Exercise instructions:
Apart from the pictures, everything in the lines below must be printed exactly.
***** Information shown *****
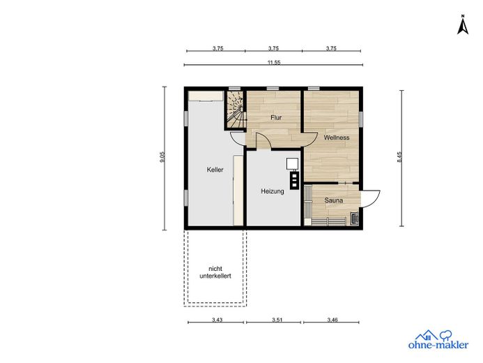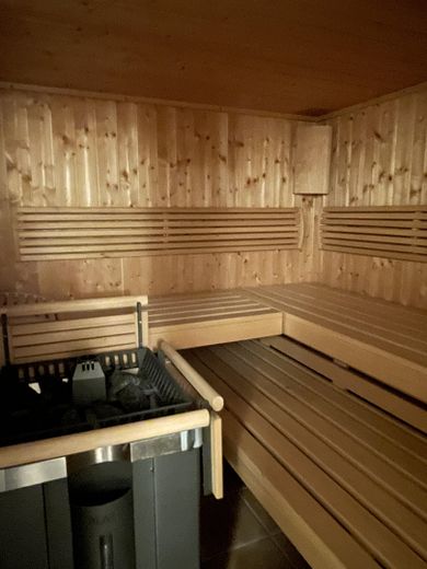 Im Untergeschoss befindet sich ein Wellnessraum beheizt mit einer Elektro-Fussbodenheizung sowie eine hochwertige Sauna mit Sanarium.
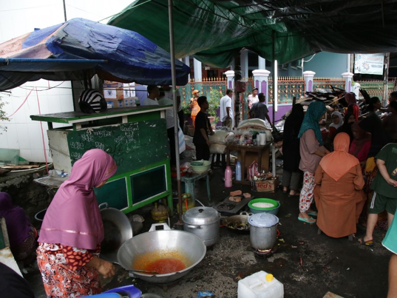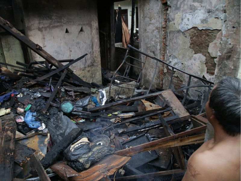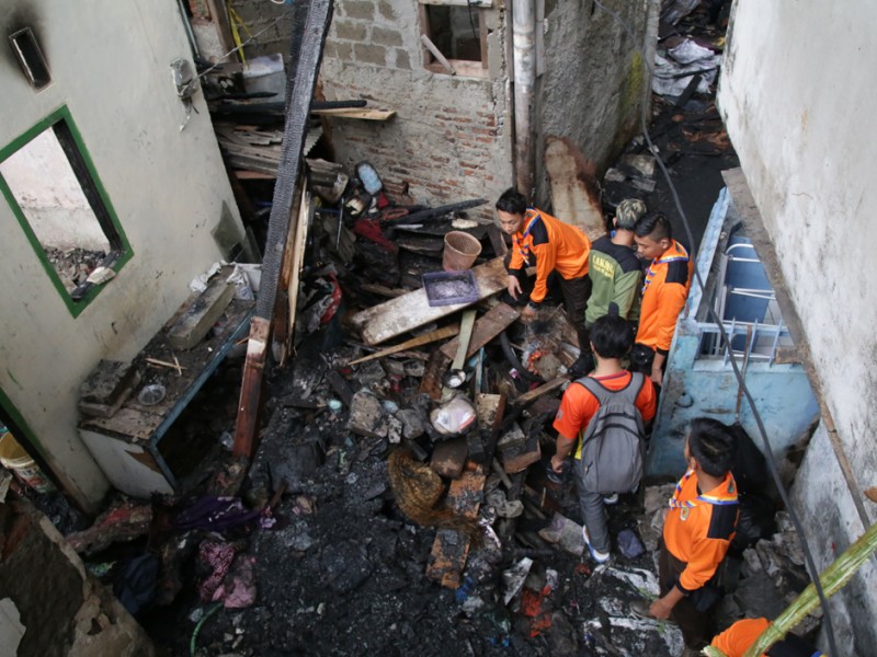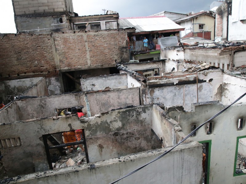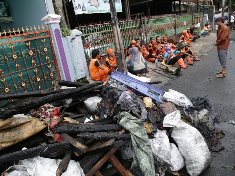 Sebanyak 150 Petugas Prasarana dan Sarana Umum ( PPSU ) membersihkan puing-puing sisa kebakaran di Jalan Petamburan III, Rw 04, Kelurahan Petamburan, Kecamatan Tanah Abang, Jakarta Pusat. Jumat (12/02 2016). Diketahui Kamis Malam lalu, kobaran api menghanguskan 24 rumah warga di lokasi tersebut. Akibat peristiwa ini 200 jiwa mengungsi ke Masjid Jami Al Ishlah.(Foto: Yopie/beritajakarta.com)
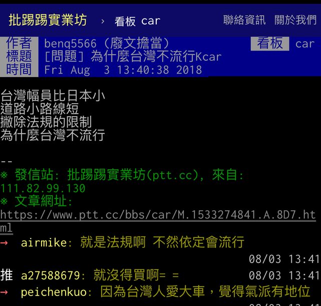 推 kingfly : 人家KCAR一台才幾十萬 08/23 14:21
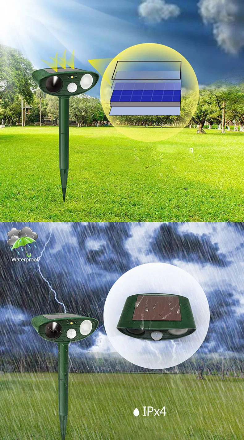 Solar Animal Repellant Ultrasonic Cat Dog Repellant Solar Powered Waterproof Animal Deterrent
*****
Problem solution:
 Im Untergeschoss befindet sich ein Wellnessraum beheizt mit einer Elektro-Fussbodenheizung sowie eine hochwertige Sauna mit Sanarium.
 Sebanyak 150 Petugas Prasarana dan Sarana Umum ( PPSU ) membersihkan puing-puing sisa kebakaran di Jalan Petamburan III, Rw 04, Kelurahan Petamburan, Kecamatan Tanah Abang, Jakarta Pusat. Jumat (12/02 2016). Diketahui Kamis Malam lalu, kobaran api menghanguskan 24 rumah warga di lokasi tersebut. Akibat peristiwa ini 200 jiwa mengungsi ke Masjid Jami Al Ishlah.(Foto: Yopie/beritajakarta.com)
 推 kingfly : 人家KCAR一台才幾十萬 08/23 14:21
 Solar Animal Repellant Ultrasonic Cat Dog Repellant Solar Powered Waterproof Animal Deterrent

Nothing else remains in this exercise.